Shweta Mathur has 700 ‘friends’ on a popular social networking site. Yet, when she sat in a psychologist’s office after her parents’ suspected suicidal tendencies, she said she didn’t have a “real friend”. In an increasingly connected world, the boundary between the real and the virtual is blurring. Mental health experts say this is a key reason for rising cases of depression among youngsters, driving some to suicide.

According to National Crime Records Bureau (NCRB) data, 135,445 people committed suicide in India in 2012 – an average of about 15 suicides an hour. A large number of the suicides were in the 15-29 age group.

“Adolescent suicides have quadrupled in the last two decades. In 90 percent of the cases, the person was suffering from an undetected and unidentified psychiatric disorder,” Samir Parikh, director of Mental Health and Behavioural Sciences at Fortis Hospital, told IANS.

He added that in most cases, the underlying depression takes root for months before an event, like a failed love affair or bad academic result, becomes the final breaking point.

Changes in the social structure and lack of interpersonal touch are some of the main factors that contribute to increasing vulnerability of the young.

“We have moved away from joint family to nuclear family, and now to the micro-nuclear structure where young people stay alone. This means that the support system when a child is growing, of having someone to share his feelings with even if both parents are not there, is now missing,” said Sayar Ansari, psychologist at the Columbia Asia Hospital.

“Field sports which was given a lot of emphasis earlier and encouraged interpersonal contact is also increasingly being replaced by virtual gaming. All of this leaves a void.”
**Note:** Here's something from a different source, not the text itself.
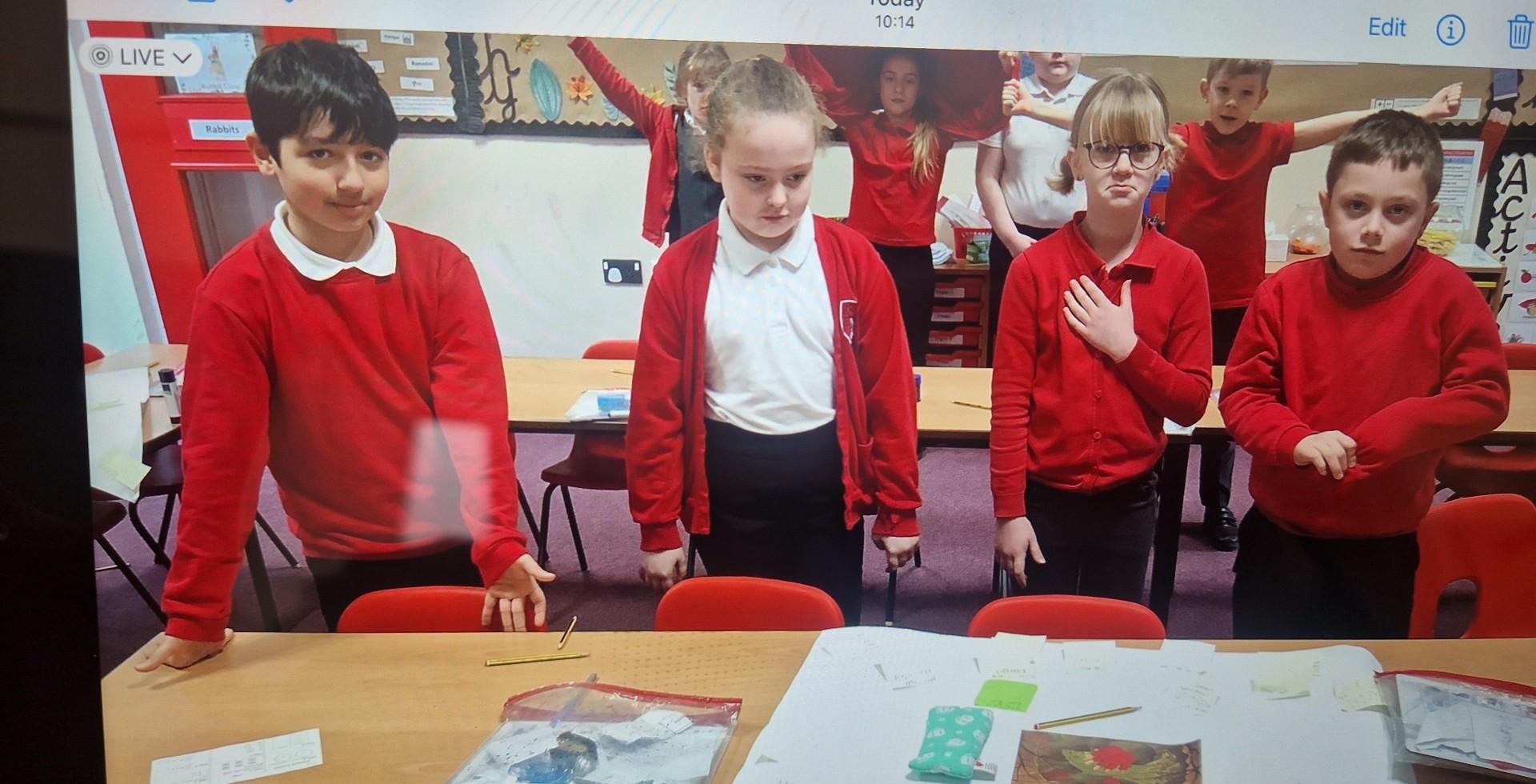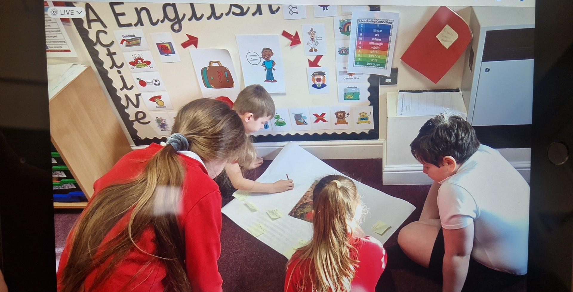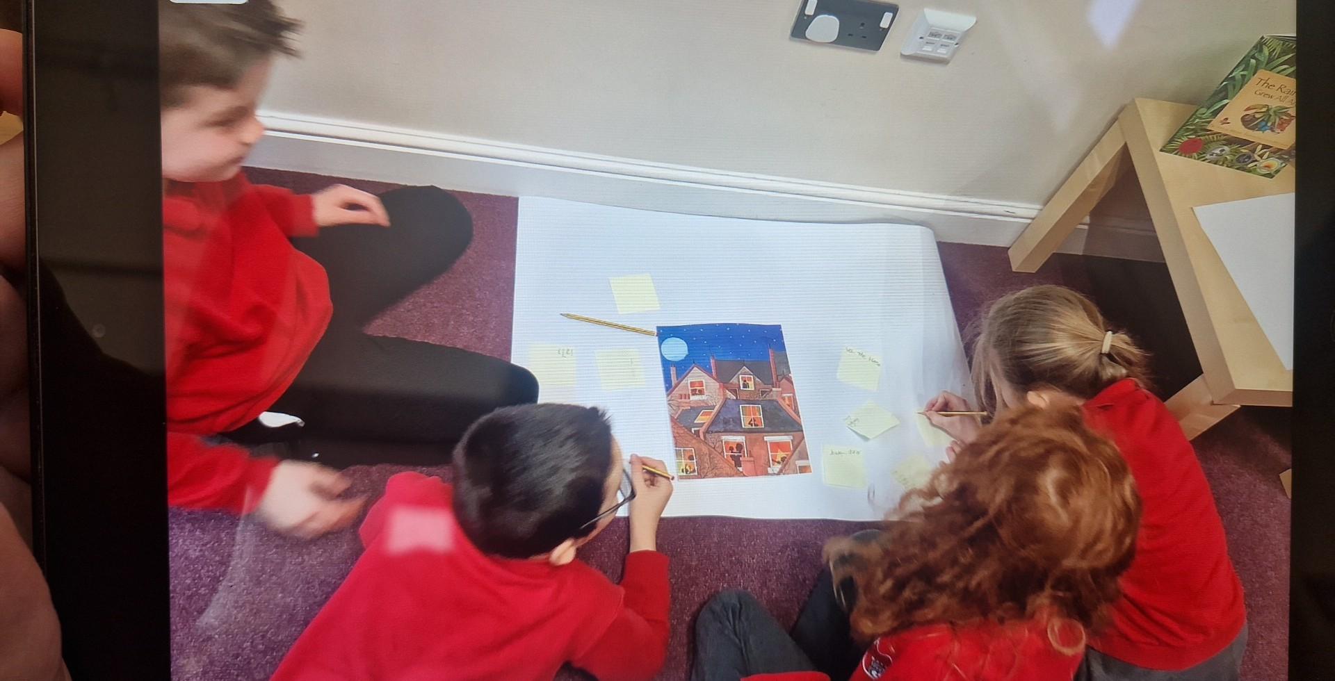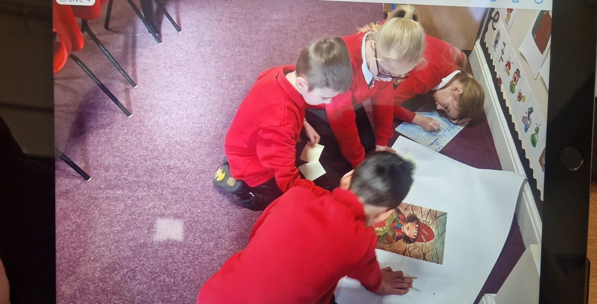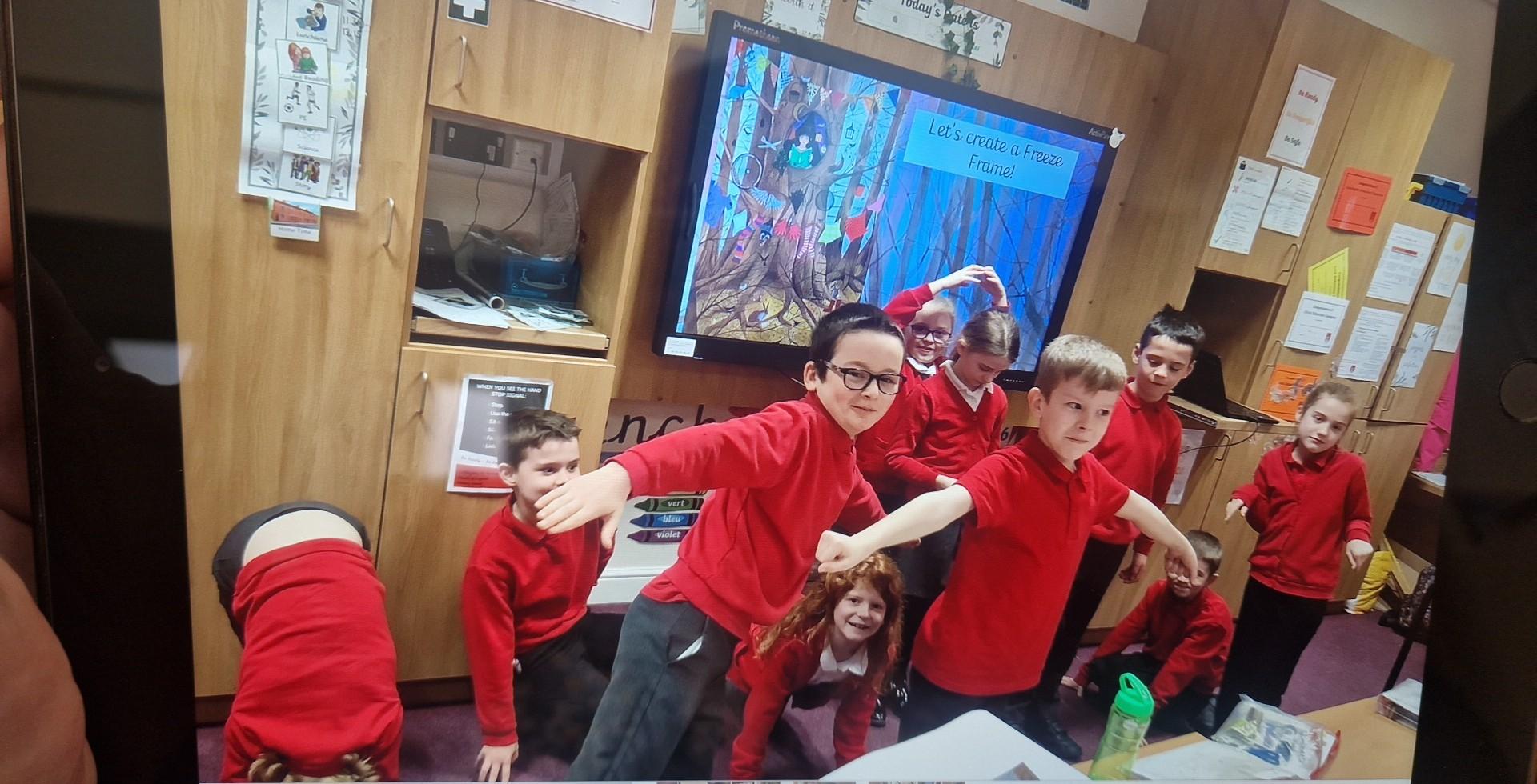 Today 20.2.24 we explored images from the book and stepped inside the pages. We thought about what we could; see, hear, touch and smell in the images and freeze framed some of the images within our groups. Here are some pictures of the children hard at work exploring our text.

Mental health expert Sameer Malhotra of Max Hospital goes on to say that while social networking is not a villain, and that it’s “good to be connected”, it’s important to recognise that there are flip sides to it as well.

“Social networking can be exploited because it’s a public platform which one can misuse and use foul language to display emotions. There have been cases of vulnerable people being victims of group bullying.
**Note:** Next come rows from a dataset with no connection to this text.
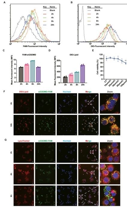 在确定siGSDMD-LNPs制备方案后,研究团队为验证该纳米粒的体内作用机制,通过检测不同时间点LNPs在骨髓来源巨噬细胞(BMDMs)内的摄取效率,验证出LNPs对细胞活力无显著影响的结论;观察到siRNA在6小时可从溶酶体释放至细胞质,证实LNPs具备高效细胞摄取和溶酶体逃逸能力。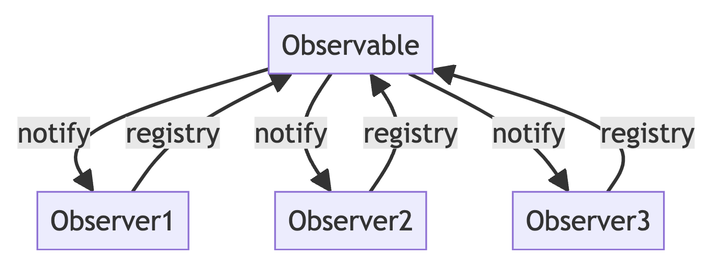 - Observable은 여러 Observer를 등록할 수 있습니다. (registry) (Observable:Observer = 1:N)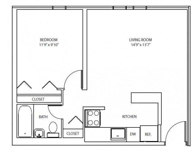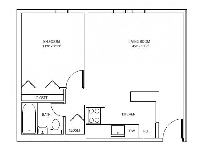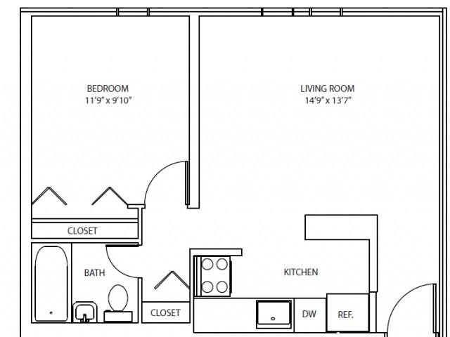 Modelo de apartamento: ROTTERDAM1 Dormitorio, 1 Baño, 548 sq ftNo Disponible![]()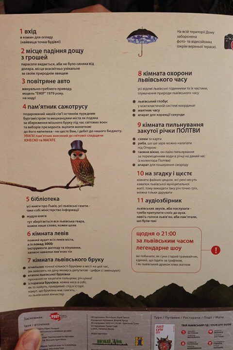 Кожен поверх Дому легенд присвячений окремій історії або персонажу. Тут можна зустріти львівського сажотруса, який живе на даху, побачити кімнату левів, заглянути до водяного дракона чи потрапити в кабінет міського хронікера. Особливою популярністю користується дах, звідки відкривається панорамний вид на старе місто. Там стоїть справжній ретро-трабант, з якого всі охочі кидають монетку «на щастя».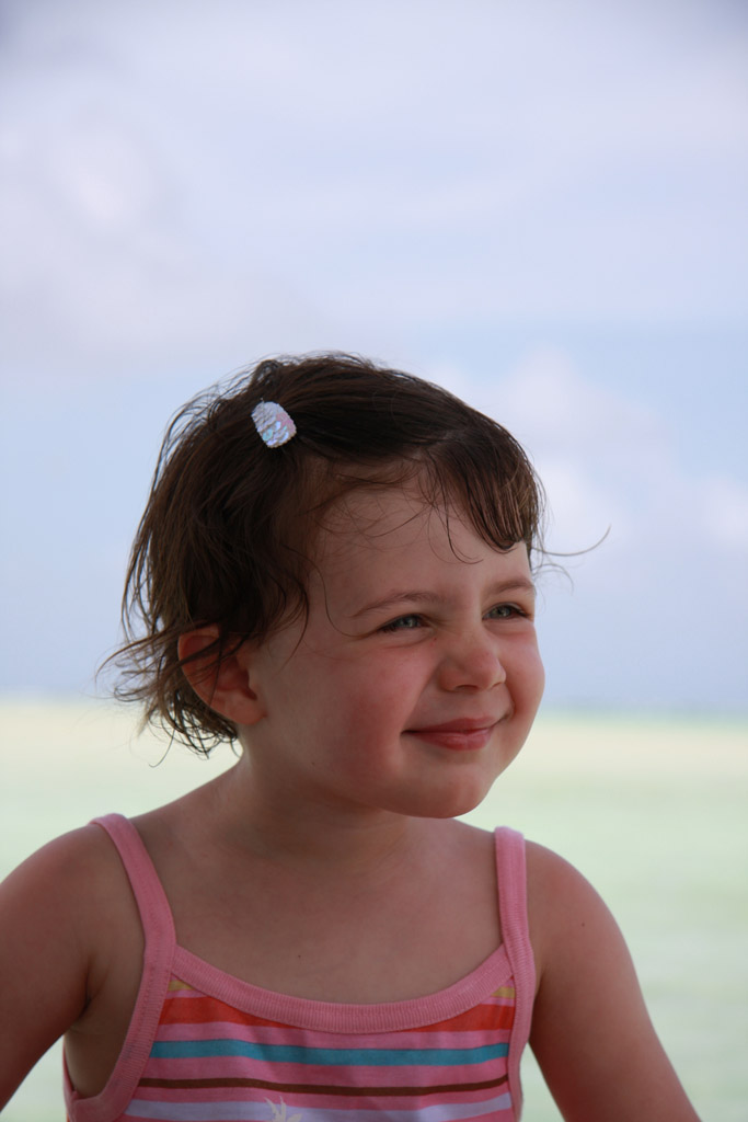 Vcelku roztomilá holčička patří k anglické rodině, se kterou jsem byl na One Foot Island. |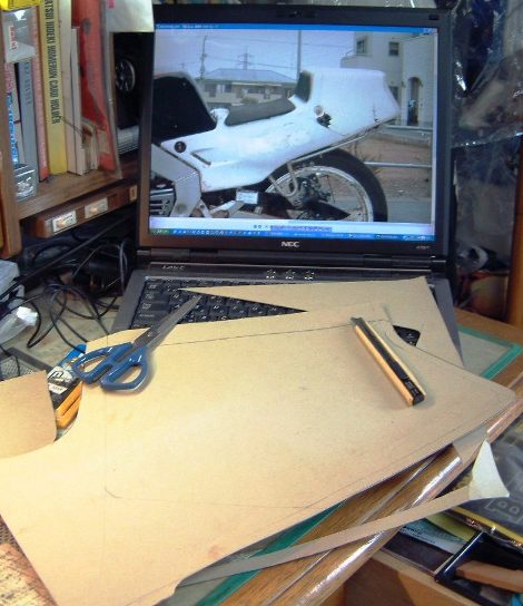 まず,厚紙を.型に.鉛筆でカウルをなぞってきたものを,切って

“Plus, too much of anything is bad. Staying up late to ‘connect’ with friends virtually and losing on your sleep can cause neurochemical changes, and this along with lack of interpersonal contact with family, no clear goals and high competition levels can all lead to emotional turmoil,” Malhotra added.

Added Deepak Raheja, psychiatrist and psychotherapist at Paras Hospital: “Kids, especially in the urban set up, are raised with all the luxuries and hardly face any difficulties. So when they grow up and face failure, sometimes they cannot cope with it and withdraw. Then again, unlike earlier times when choices were limited, now there is plenty of choice (careerwise) but youngsters don’t pursue one goal for too long and give up, sinking into gloom.”
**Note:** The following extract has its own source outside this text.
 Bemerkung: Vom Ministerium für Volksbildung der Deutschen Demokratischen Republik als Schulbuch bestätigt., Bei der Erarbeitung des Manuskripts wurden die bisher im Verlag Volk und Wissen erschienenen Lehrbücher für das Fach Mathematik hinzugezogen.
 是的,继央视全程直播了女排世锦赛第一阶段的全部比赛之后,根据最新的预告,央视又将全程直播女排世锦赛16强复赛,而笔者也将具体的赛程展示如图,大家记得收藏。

There is no simple solution to such problems, experts say, but a beginning must be at home, with good parenting.

“Parents need to spend ample time with their children, talk to them and encourage interpersonal communication with others. They also need to tell them that success is important but failure is not the end of everything,” Ansari said.

“It’s also important to tell adolescents to always look at the big picture and think beyond material acquisition,” Raheja added. “The ability to detach and maintain a good work-life balance is very important.”